= Provided data =
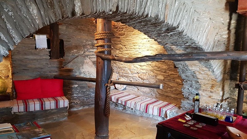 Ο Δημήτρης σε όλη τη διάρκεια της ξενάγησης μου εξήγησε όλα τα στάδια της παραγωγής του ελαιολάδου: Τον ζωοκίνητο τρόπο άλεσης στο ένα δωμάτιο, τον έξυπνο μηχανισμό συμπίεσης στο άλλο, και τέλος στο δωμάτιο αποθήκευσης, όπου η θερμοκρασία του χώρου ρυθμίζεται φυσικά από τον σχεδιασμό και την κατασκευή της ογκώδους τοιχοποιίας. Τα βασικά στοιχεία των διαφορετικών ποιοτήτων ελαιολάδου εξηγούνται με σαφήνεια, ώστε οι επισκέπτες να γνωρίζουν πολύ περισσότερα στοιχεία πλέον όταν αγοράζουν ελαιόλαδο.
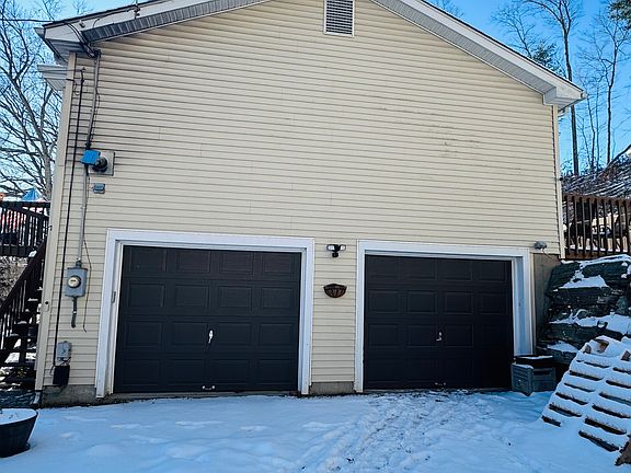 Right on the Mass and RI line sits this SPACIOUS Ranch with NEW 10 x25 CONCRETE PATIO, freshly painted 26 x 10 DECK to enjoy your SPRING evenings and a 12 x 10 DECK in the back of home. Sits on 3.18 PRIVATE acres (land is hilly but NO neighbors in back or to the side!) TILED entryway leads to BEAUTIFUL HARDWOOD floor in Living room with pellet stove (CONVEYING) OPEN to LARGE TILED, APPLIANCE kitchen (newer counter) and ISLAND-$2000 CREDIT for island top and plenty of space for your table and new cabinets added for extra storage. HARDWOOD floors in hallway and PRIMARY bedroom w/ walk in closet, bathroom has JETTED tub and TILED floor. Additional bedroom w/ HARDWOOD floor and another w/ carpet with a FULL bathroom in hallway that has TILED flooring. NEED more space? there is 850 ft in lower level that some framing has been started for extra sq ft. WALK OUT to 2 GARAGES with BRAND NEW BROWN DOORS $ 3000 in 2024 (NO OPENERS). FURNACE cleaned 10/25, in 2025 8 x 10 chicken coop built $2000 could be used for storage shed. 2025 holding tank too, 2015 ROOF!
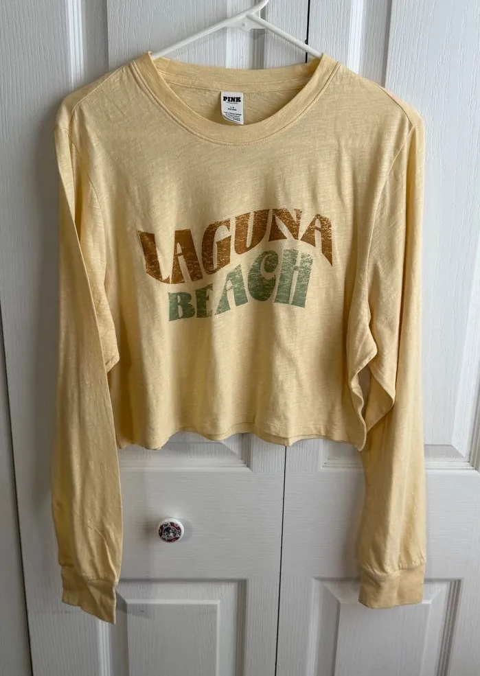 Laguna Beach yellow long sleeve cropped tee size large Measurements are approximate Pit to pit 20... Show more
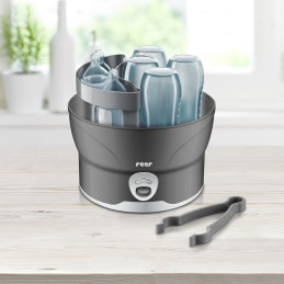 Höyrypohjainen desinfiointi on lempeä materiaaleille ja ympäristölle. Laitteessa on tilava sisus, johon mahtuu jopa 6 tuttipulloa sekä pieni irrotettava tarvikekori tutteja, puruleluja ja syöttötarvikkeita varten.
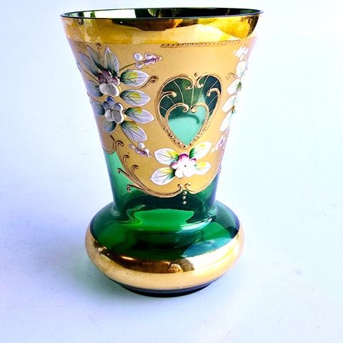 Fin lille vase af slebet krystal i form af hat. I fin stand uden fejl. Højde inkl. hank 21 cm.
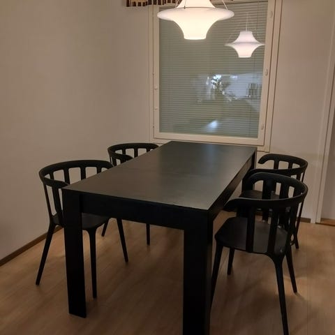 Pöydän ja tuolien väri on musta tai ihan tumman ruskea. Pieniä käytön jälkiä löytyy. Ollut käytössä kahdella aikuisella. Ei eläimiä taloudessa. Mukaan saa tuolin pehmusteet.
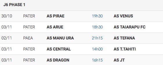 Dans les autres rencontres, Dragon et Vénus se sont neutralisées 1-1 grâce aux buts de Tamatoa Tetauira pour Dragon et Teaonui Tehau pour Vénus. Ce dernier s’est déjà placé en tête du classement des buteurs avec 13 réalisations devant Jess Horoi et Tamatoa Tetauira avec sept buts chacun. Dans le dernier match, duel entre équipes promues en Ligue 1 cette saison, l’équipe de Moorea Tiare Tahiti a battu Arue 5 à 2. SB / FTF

= About this exercise =
Make an exact copy of all entries above, dropping the images.

= Task result =
 Ο Δημήτρης σε όλη τη διάρκεια της ξενάγησης μου εξήγησε όλα τα στάδια της παραγωγής του ελαιολάδου: Τον ζωοκίνητο τρόπο άλεσης στο ένα δωμάτιο, τον έξυπνο μηχανισμό συμπίεσης στο άλλο, και τέλος στο δωμάτιο αποθήκευσης, όπου η θερμοκρασία του χώρου ρυθμίζεται φυσικά από τον σχεδιασμό και την κατασκευή της ογκώδους τοιχοποιίας. Τα βασικά στοιχεία των διαφορετικών ποιοτήτων ελαιολάδου εξηγούνται με σαφήνεια, ώστε οι επισκέπτες να γνωρίζουν πολύ περισσότερα στοιχεία πλέον όταν αγοράζουν ελαιόλαδο.
 Right on the Mass and RI line sits this SPACIOUS Ranch with NEW 10 x25 CONCRETE PATIO, freshly painted 26 x 10 DECK to enjoy your SPRING evenings and a 12 x 10 DECK in the back of home. Sits on 3.18 PRIVATE acres (land is hilly but NO neighbors in back or to the side!) TILED entryway leads to BEAUTIFUL HARDWOOD floor in Living room with pellet stove (CONVEYING) OPEN to LARGE TILED, APPLIANCE kitchen (newer counter) and ISLAND-$2000 CREDIT for island top and plenty of space for your table and new cabinets added for extra storage. HARDWOOD floors in hallway and PRIMARY bedroom w/ walk in closet, bathroom has JETTED tub and TILED floor. Additional bedroom w/ HARDWOOD floor and another w/ carpet with a FULL bathroom in hallway that has TILED flooring. NEED more space? there is 850 ft in lower level that some framing has been started for extra sq ft. WALK OUT to 2 GARAGES with BRAND NEW BROWN DOORS $ 3000 in 2024 (NO OPENERS). FURNACE cleaned 10/25, in 2025 8 x 10 chicken coop built $2000 could be used for storage shed. 2025 holding tank too, 2015 ROOF!
 Laguna Beach yellow long sleeve cropped tee size large Measurements are approximate Pit to pit 20... Show more
 Höyrypohjainen desinfiointi on lempeä materiaaleille ja ympäristölle. Laitteessa on tilava sisus, johon mahtuu jopa 6 tuttipulloa sekä pieni irrotettava tarvikekori tutteja, puruleluja ja syöttötarvikkeita varten.
 Fin lille vase af slebet krystal i form af hat. I fin stand uden fejl. Højde inkl. hank 21 cm.
 Pöydän ja tuolien väri on musta tai ihan tumman ruskea. Pieniä käytön jälkiä löytyy. Ollut käytössä kahdella aikuisella. Ei eläimiä taloudessa. Mukaan saa tuolin pehmusteet.
 Dans les autres rencontres, Dragon et Vénus se sont neutralisées 1-1 grâce aux buts de Tamatoa Tetauira pour Dragon et Teaonui Tehau pour Vénus. Ce dernier s’est déjà placé en tête du classement des buteurs avec 13 réalisations devant Jess Horoi et Tamatoa Tetauira avec sept buts chacun. Dans le dernier match, duel entre équipes promues en Ligue 1 cette saison, l’équipe de Moorea Tiare Tahiti a battu Arue 5 à 2. SB / FTF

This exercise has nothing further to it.